God dined with sinners in all their grime,
turned water into wine. God did not wait
till hearts were pure. In joy God came
to a tarnished world of sin and doubt.
To a world like ours, of anguished shame
God came, and God’s Light would not go out.
God came to a world which did not mesh,
to heal its tangles, shield its scorn.
In the mystery of the Word made Flesh
the Maker of the stars was born.
We cannot wait till the world is sane
to raise our songs with joyful voice,
for to share our grief, to touch our pain,
God came with Love: Rejoice! Rejoice!

L’Engle’s last line—“God came with Love: Rejoice! Rejoice!”—provides the bridge from the first element of our proper Advent attitude—hope like that of the prophets—to the second element of such an Advent attitude, the element spoken of in I Thessalonians—love like that of Jesus.

We are to journey through Advent with an abounding love, a love not for things, but for one another—like Jesus’s abounding love. God asks that we let our Advent attitude prefigure the Christ-story itself, that we let it embody in advance of Christmas God’s love come down to earth.

So, when we find ourselves this season—as we inevitably will—in a store, in the midst of a surly crowd, I pray that all our actions in response to that situation may somehow flow from an Advent attitude of Jesus-like love, love for that frenzied shopper who knifes us with an elbow while cutting ahead of us in line; and love for that glassy-eyed, tin-eared, sour-faced store clerk who seems neither to see nor to hear us.

And when we find ourselves this season—as we inevitably will—confronted on the street or in the office by a person in need, I pray that we will resist the temptation to offer that person merely an empty platitude of goodwill or some tiny token. I pray that we will instead offer her or him quite a concrete gift of help, an act of Jesus-like love.

I am reminded in this regard of a Charlie Brown comic strip in which Snoopy the dog is shown standing alone in a snowstorm beside an empty food dish, shivering. Lucy, that source of empty platitudes aplenty, comes outside and holds her quite empty hand out toward Snoopy, in the gesture of a blessing. She proclaims to Snoopy in a loud voice, “Go in peace, be warm and filled.” And then she turns and goes back into her house, slamming the door behind her. In the final frame, we see Snoopy once again alone in the snow, still shivering and hungry.

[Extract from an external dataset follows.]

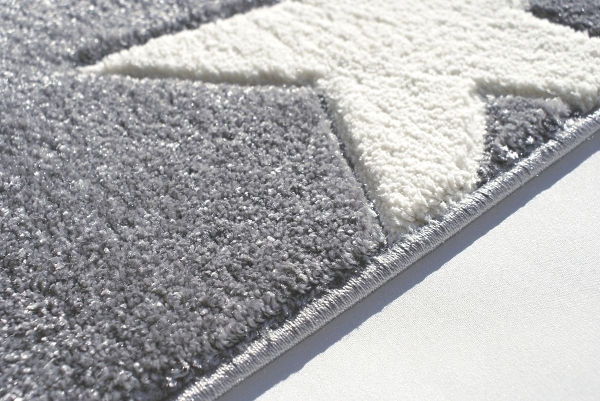 Velmi snadno se udržuje a čistí. Dětský koberec stříbrno-šedý s motivem bílých hvězdiček je moderní, vhodný do všech interiérů, pro chlapečky i pro holčičky. Vhodný rovněž také do studentských pokojíčků.
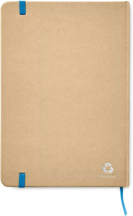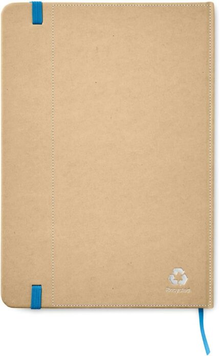 A5 notebook with hard recycled carton cover. Casebound. 160 lined pages (80 sheets). Elastic closure strap, ribbon bookmark.

Oh, Lucy talked the talk of love, but she didn’t walk the walk of it. Lucy’s voice was loud, but her heart was hard and her spirit was small. And her words, unaccompanied by action, were of no worth. You see, a Jesus-like love would have prompted her to share her companionship, or her scarf, or her food, or all of the above. For Jesus-like love goes far beyond words, to deeds.

This Advent, I urge us to resist the on-charging X-mas Rush. I urge us to take plenty of time out for the spirit, to take plenty of time out to pray—to pray with hope for God’s redress of injustice, misery, and sorrow, and to pray for this with a hope that is every bit as confident in God’s goodness as was the prophets’ hope.

And I urge us also this Advent to take plenty of time out for expressing love, for expressing a love for those in need that is every bit as concrete as was Jesus’s love.

Yes, this December seems to me a fine time for us to cultivate a proper Advent attitude, an Advent attitude full of prophet-like hope and Jesus-like love.

Let us pray:

O God of promise, You cause the branch of hope to bud and flower, and we offer You the fruit of our love.

May our Advent attitude bring reassurance to those seeking evidence of Your goodness. And may our Advent lives be signs of what deliverance can mean. In the name of Christ, we pray. Amen.